- [SUPPLIED MATERIAL]
___
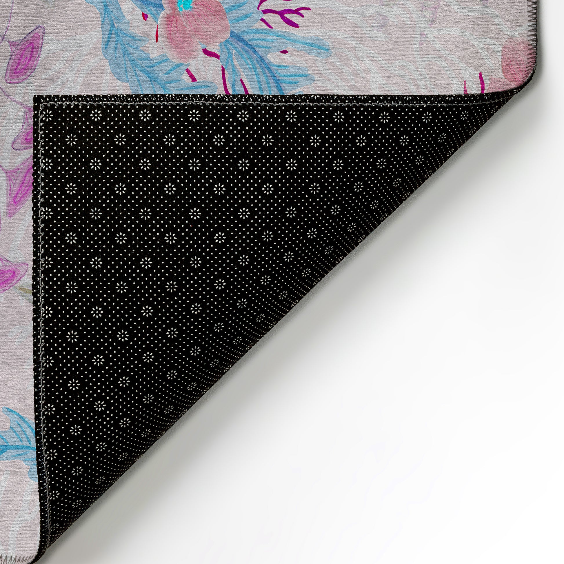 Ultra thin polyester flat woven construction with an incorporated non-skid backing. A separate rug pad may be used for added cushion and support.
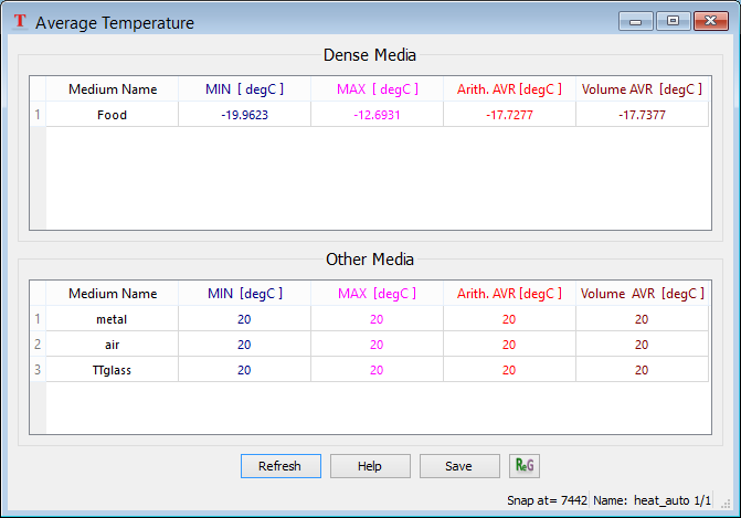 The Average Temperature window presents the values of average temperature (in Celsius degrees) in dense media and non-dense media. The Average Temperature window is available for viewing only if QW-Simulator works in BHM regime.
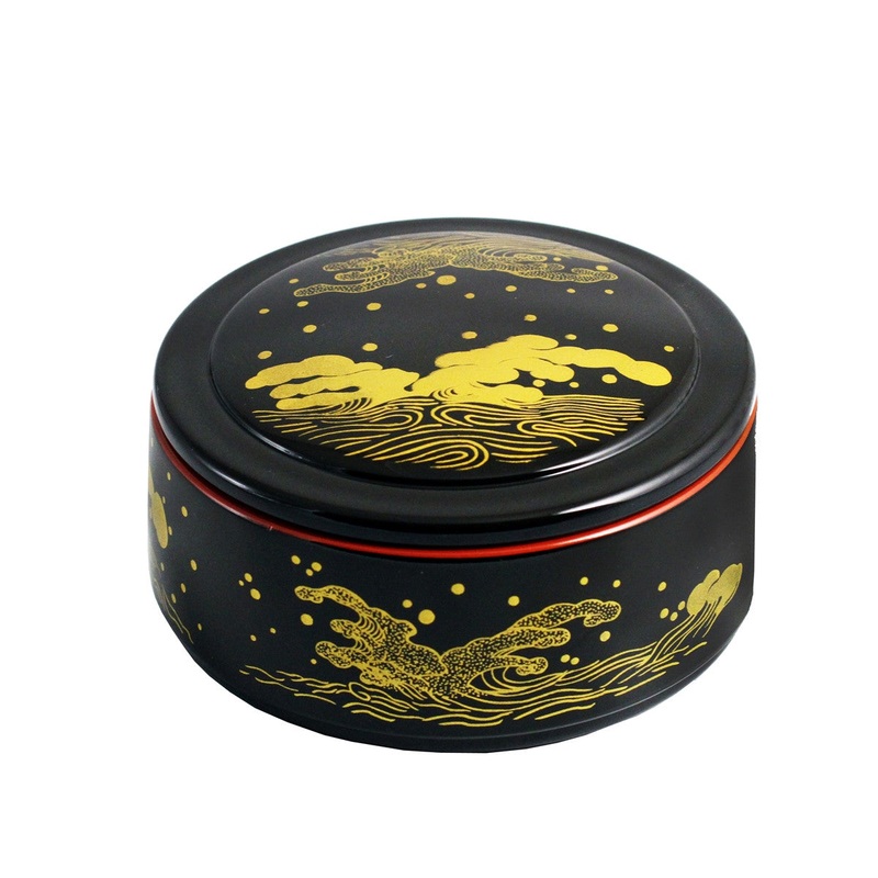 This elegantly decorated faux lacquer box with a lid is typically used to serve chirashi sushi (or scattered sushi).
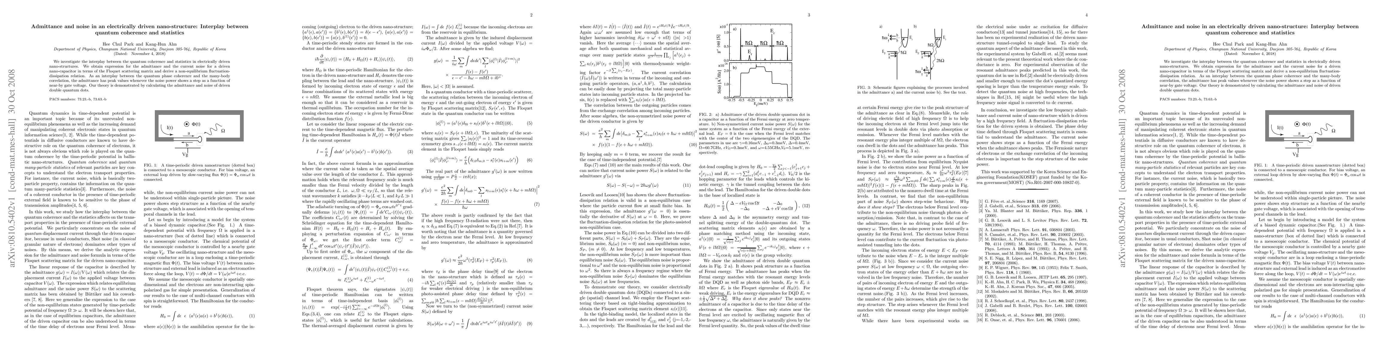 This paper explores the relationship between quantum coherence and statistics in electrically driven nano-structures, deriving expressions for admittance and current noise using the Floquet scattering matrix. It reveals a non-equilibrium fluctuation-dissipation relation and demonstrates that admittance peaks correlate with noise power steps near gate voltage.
___
- [WORK REQUIRED]
Write out the whole of the data exactly; the pictures stay out.

- [THE ANSWER]
 Ultra thin polyester flat woven construction with an incorporated non-skid backing. A separate rug pad may be used for added cushion and support.
 The Average Temperature window presents the values of average temperature (in Celsius degrees) in dense media and non-dense media. The Average Temperature window is available for viewing only if QW-Simulator works in BHM regime.
 This elegantly decorated faux lacquer box with a lid is typically used to serve chirashi sushi (or scattered sushi).
 This paper explores the relationship between quantum coherence and statistics in electrically driven nano-structures, deriving expressions for admittance and current noise using the Floquet scattering matrix. It reveals a non-equilibrium fluctuation-dissipation relation and demonstrates that admittance peaks correlate with noise power steps near gate voltage.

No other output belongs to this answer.